President Obama’s decision to delay a final ruling on the “tar sands” pipeline from Canada to Texas has been cheered by environmentalists a s a rare victory — and it is. But it’s also a rare product of a coalition between conservationists and conservatives in red states.

Environmentalists oppose the project because of the energy-intensive, pollution-creating oil extraction. Conservatives and tea party activists are worried about the use of eminent domain, or the government’s ability to take private property, to build a pipeline for a foreign company. And both sides are concerned about oil leaking into aquifers that supply Texas and the Plains states.

Demonstrators carry a giant mock pipeline while calling for the cancellation of the Keystone XL pipeline during a rally in Washington November 6, 2011. (JOSHUA ROBERTS/REUTERS)

While Obama’s decision focused on the opposition in Nebraska, environmentalists all along the pipeline’s path have joined forces with conservative Republicans in opposition to the TransCanada Keystone XL pipeline.

The issue has not yet become a national one for conservatives, as it has for environmentalists. But Nebraska and Montana both have competitive 2012 Senate races, and the pipeline could become a problem for candidates on both sides of the aisle. For now, it’s an example of how left and right can overcome their divisions — just like Obama always wanted.

In Texas, an active alliance has formed between tea party and environmental groups.

Debra Medina, a prominent activist who ran against Gov. Rick Perry (R) in last year’s Republican gubernatorial primary, said environmental groups reached out to her. Medina was active in the fight against the Trans-Texas Corridor, a complex all-in-one transportation network supported by Perry that collapsed in the face of public opposition.

“I initially said, ‘What’s the big deal? You’ve got a company moving its product.’ The guy said, ‘Well, they’re using eminent domain to do it,’ and all of a sudden I got real interested.”

Alberta-based TransCanada filed with the Texas Railroad Commission as a “common carrier” — meaning the project is for public use, which gives TransCanada eminent domain rights. Local opponents argue that there’s no justification for it — and that even if there is, there was no process to determine whether the pipeline is a public good.

“We have folks from every affiliation involved, including tea party folks,” said David Daniel of Stop Tarsands Oil Pipelines (STOP), a landowner collective formed to oppose the project. The pipeline would cut through the middle of his property. “Doesn’t matter who you are, everybody needs water.”

And tea party activists start to sound like liberals when asked about the involvement of Americans for Prosperity, a libertarian group funded by the billionaire Koch brothers that has backed the pipeline.

“You’ve got Americans for Prosperity out there promoting this and saying we want you to put in comments in favor of the pipeline,” said Terri Hall of Texas Uniting for Reform and Freedom. “Anyone who’s done five minutes of research will find out that not only are the Koch brothers involved in this, TransCanada has never made any promises that this is going to be domestic energy.”

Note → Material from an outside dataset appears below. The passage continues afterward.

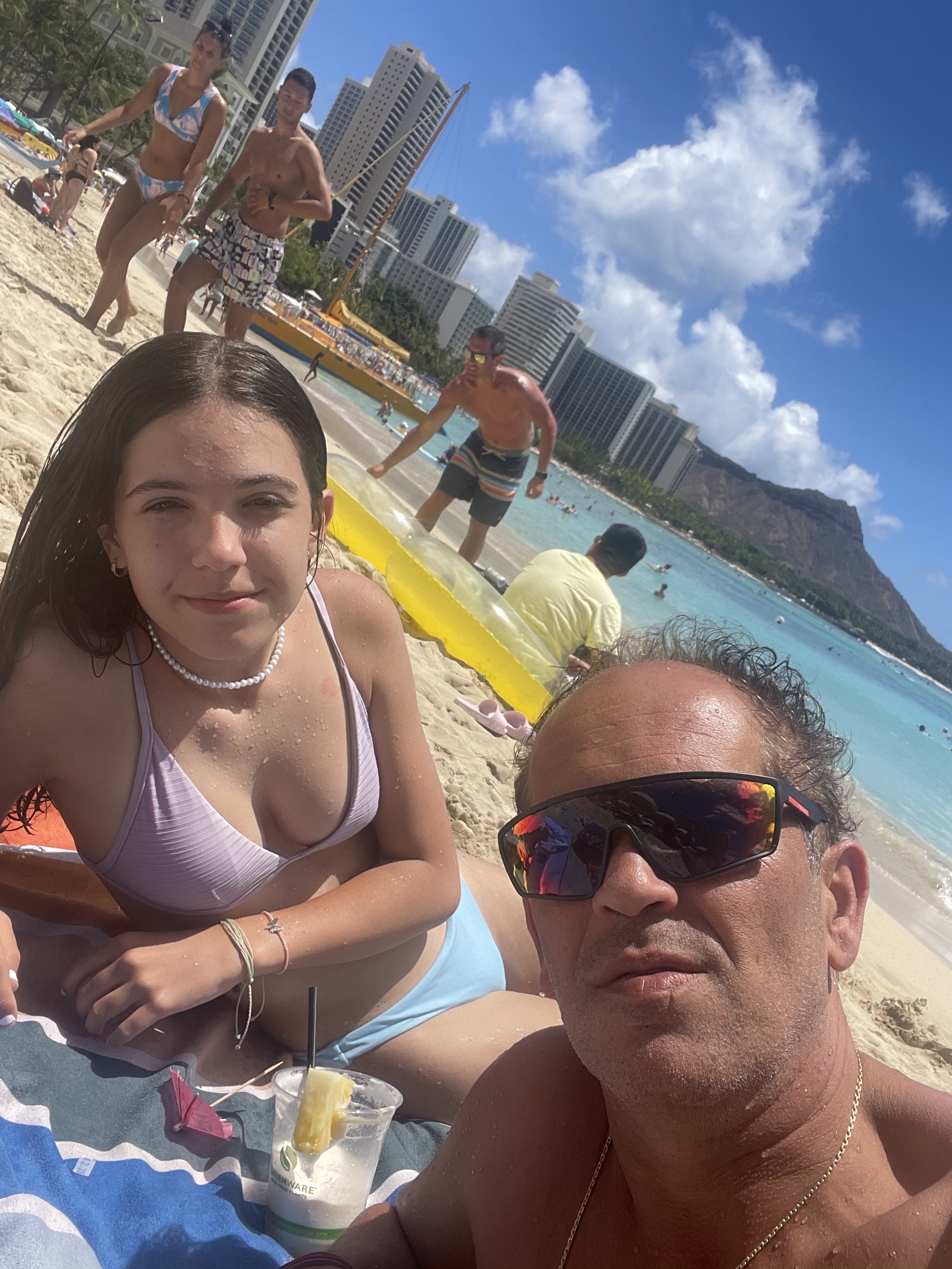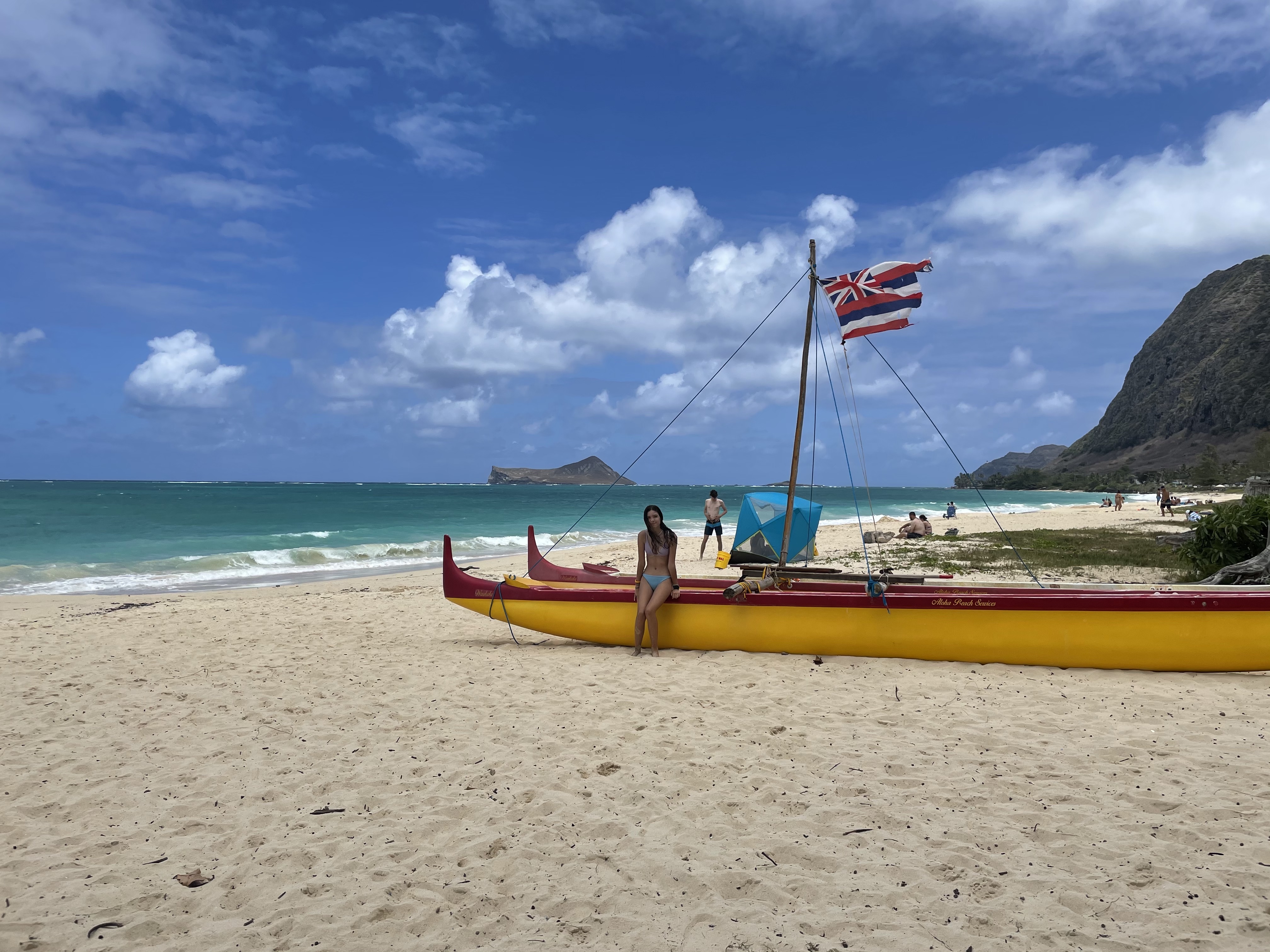 Today was a day full of adventure. The previous night we had rented a car from the airport for the day so we had a full day of driving ahead of us. We were lucky enough to get a Jeep Wrangler so we put the top and sides down and rode hours in the wind. Although it was extremely refreshing to get a nice cool breeze in the hot temperature it was so windy I couldn’t see a thing and had to tie my hair back along with my cap so it wouldn’t fall off. Our first stop for the day was the Dole plantation (pineapples) towards the north. We took a walk around where we saw several species of flowers, bananas, coffee and of course pineapples. We grabbed some pineapple soft server before heading to our next stop. We were now at the Valley of the Temples where we saw a beautiful temple with some rich history. After we decided to make our way east to Waimanalo beach to cool off and rest a bit. We had a small moment where a part of my braces fell off and my dad had to cut off some of the wire but all ended up well. After a day full of excitement we returned the car at the airport and made our way back to the hotel relax.

Koch Industries is heavily invested in Canadian oil sands exploration.*  

“Americans for Prosperity is not a tea party group,” said Medina. “Americans for Prosperity says, ‘Koch funds us, this is good for the Koch brothers, so we’ll support it.’ There are a lot of wolves in sheeps’ clothing masquerading as tea party groups.”

Some local tea party activists do support the pipeline, arguing that eminent domain issues can be handled.

“I strongly support the project; however, TransCanada should be held accountable for both safety compliance and in regard to private property rights,” said JoAnn Fleming, who chairs a group of tea party members that advises state legislatures.

Landowners say the TransCanada refused to work with them to minimize damage, as oil companies normally do, and that not enough research was done on potential water contamination.

“There are folks in East Texas who are wary of working with ‘environmental organizations,’ but the statewide organizations are more wary of letting these groups be divided over silly distinctions,” said Trevor Lowell of Public Citizen. “They’re going above and beyond. They’re pretty independently frustrated about this whole project.”

There are also eminent domain fights going on in South Dakota, and Gov. Dennis Daugaard (R) is asking the state legislature to impose “additional protections.”

In Montana, the conservation group Northern Plains Resource Council is working with local landowners, who have formed the Northern Plains Pipeline Landowners Group to oppose the pipeline’s current path project.

The pipeline has created some strange bedfellows — an alliance of convenience that could have local implications, even if another such national victory is unlikely.

* This article originally stated that Koch Industries “stands to gain significantly from the project,” citing this InsideClimate article. The Columbia Journalism Review found that while the author was “probably right,” there is no proof that Koch Industries will profit from this pipeline. Koch Industries denies supporting the project, although they are interested in it. A Koch subsidary filed for “intervenor” status with the National Energy Board of Canada, citing a “direct and substantial interest in the application.”